Last Updated on Friday, June 17, 2005

JUNE 17, 2005 -  The Preeclampsia Foundation today announced it is hosting its 2nd  Annual Conference, entitled “Beyond Preeclampsia: Our Health, Our Lives”, on August 10-12, 2005, at the Oglebay Resort & Conference Center in Wheeling, West Virginia.

The conference will offer preeclampsia survivors an opportunity to meet others similarly affected, to learn from medical experts about the ongoing health challenges associated with the disorder, and to discover ways to make a difference in the lives of the 200,000 American women affected each year by preeclampsia. Organizational training, roundtables, and personal healing will also be focuses of the three-day conference. A concurrent children’s program will be offered to allow adults to fully participate in the meeting sessions.
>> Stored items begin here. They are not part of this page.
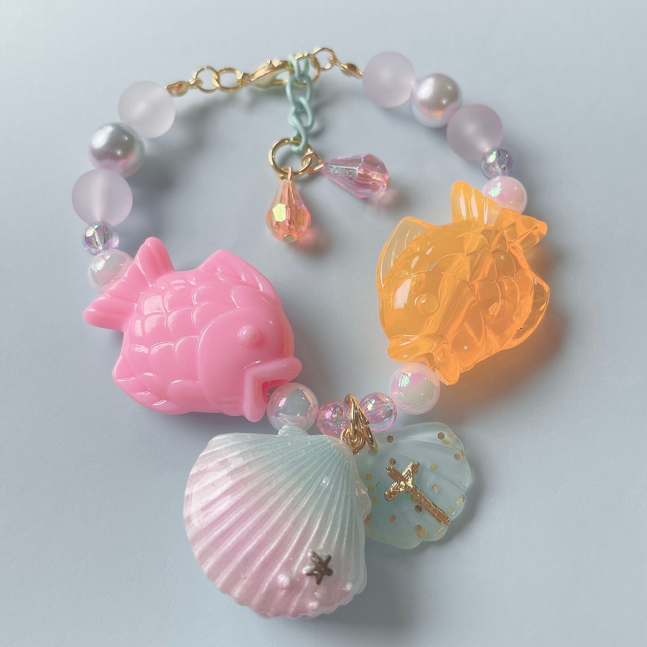 首飾りと同様、オーロラに煌めく貝殻マカロンと、その両側を飾るBIGサイズのお魚が手首の半周を飾ってくれます。
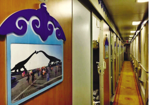 經(jīng)過(guò)全新整改后的列車,秉承“天地精華,大美麗江”主題,把納西族、白族等麗江少數(shù)民族代表性文化元素融入列車整體外裝和窗簾、地毯、臺(tái)布等內(nèi)部裝飾。小到窗簾紋飾,大到每一幅裝飾畫,都經(jīng)過(guò)了精挑細(xì)選,滲透了麗江文化,通過(guò)一車一景、一車一館的方式,把車廂打造成展示麗江各地優(yōu)美自然風(fēng)光和絢麗民族文化的長(zhǎng)廊。
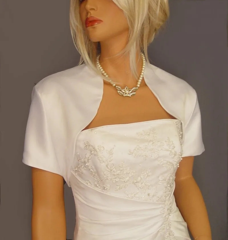 Свадебные накидки с коротким рукавом, белые, цвета слоновой кости, атласные свадебные жакеты, женская вечерняя искусственная шаль, изготовленная на заказ
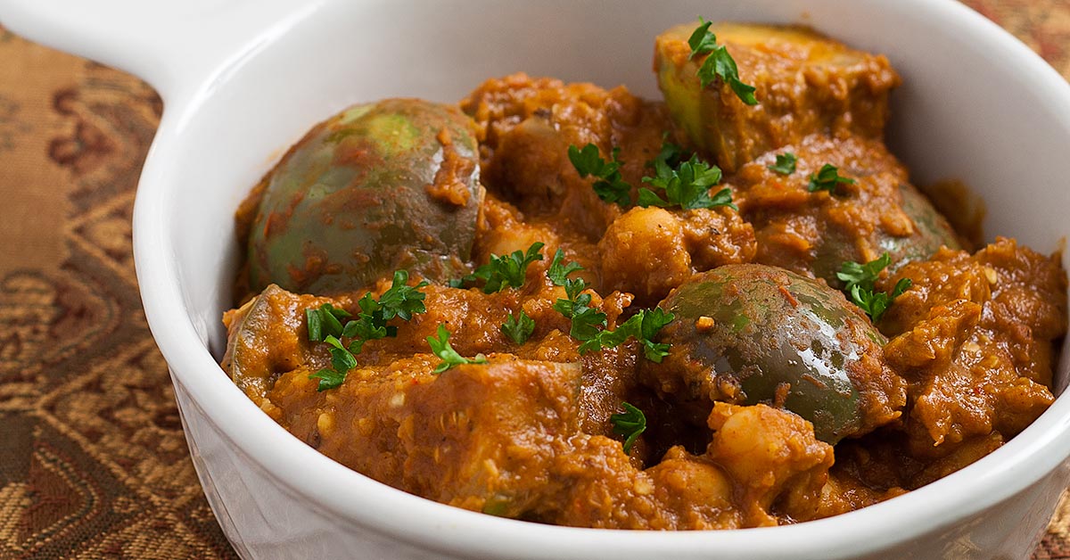 Cooked eggplants with potatoes in curry sauce with sweet basil.
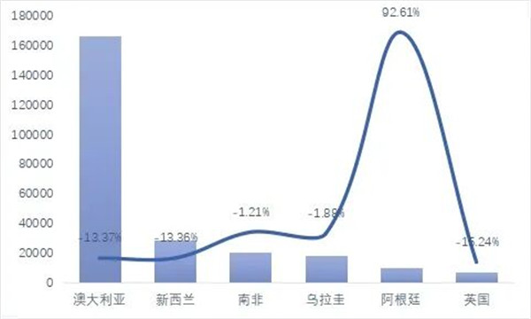 2025年中国进口主要产毛国羊毛数量与同比情况(单位:吨,%)
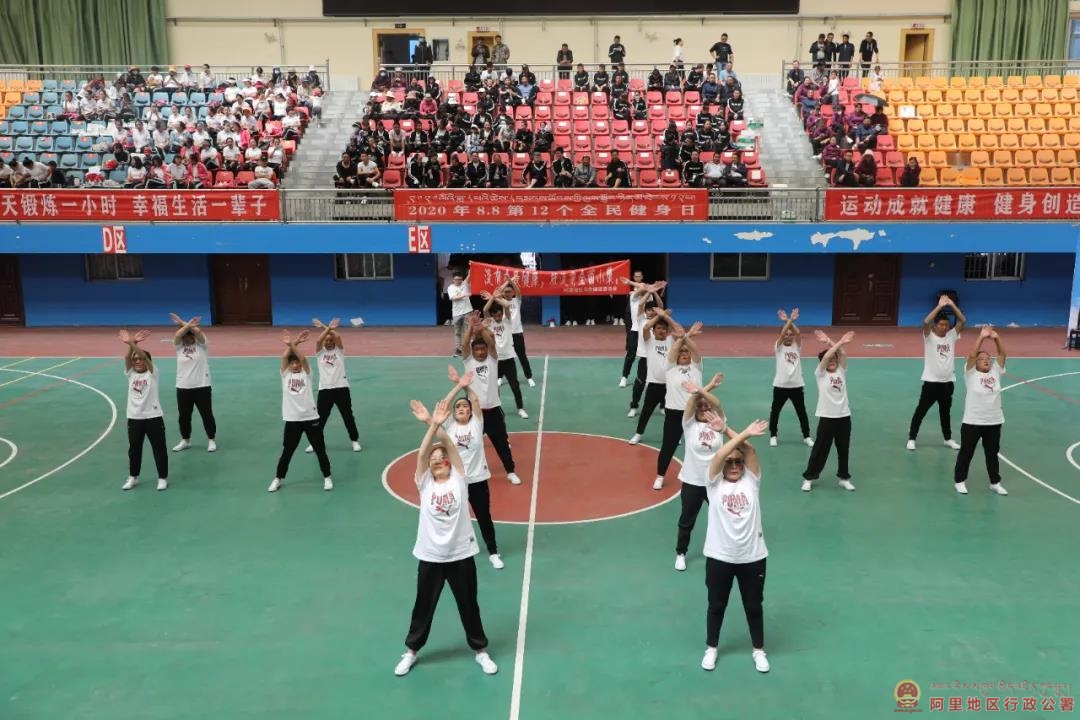 9月5日,由自治区体育局主办、阿里地区体育局承办的2020年阿里地区“全民健身日”活动暨阿里地区广播体操比赛在地区体育馆举行。来自地区全民健身成员单位、地直相关学校的13支代表队400多名干部职工通过第九套广播体操展演,倡导全民健身、展示蓬勃向上的新风貌,掀起了阿里高原浓厚的全民健身热潮,推动了广大群众树立自觉的健身意识。

Preeclampsia is not a “transitory disease” as previously believed. Five percent of women who suffer from it experience serious complications immediately postpartum. Preeclampsia can also unmask underlying health problems, such as hypertension or autoimmune disorders; it may be passed onto our children; and preeclampsia is now considered a serious risk factor for women’s heart disease, a factor as relevant as smoking.

“Some women report to us that they are never the same ­– many struggle with ongoing challenges that seemed to start when they had preeclampsia,” said Anne Garrett, founder and a spokesperson for the organization. “Recent research now proves we were right.”

Conference organizers invite all those affected by preeclampsia to register at www.preeclampsia.org or by calling (800) 665-9341. The block of rooms at the resort will only be held until July 10, 2005.

As a leading cause of maternal illness and death, preeclampsia affects almost one in 12 pregnancies, or more than 6 million births annually. Preeclampsia is a rapidly progressive condition characterized by high blood pressure and protein in the urine, and can be deadly to mother and baby.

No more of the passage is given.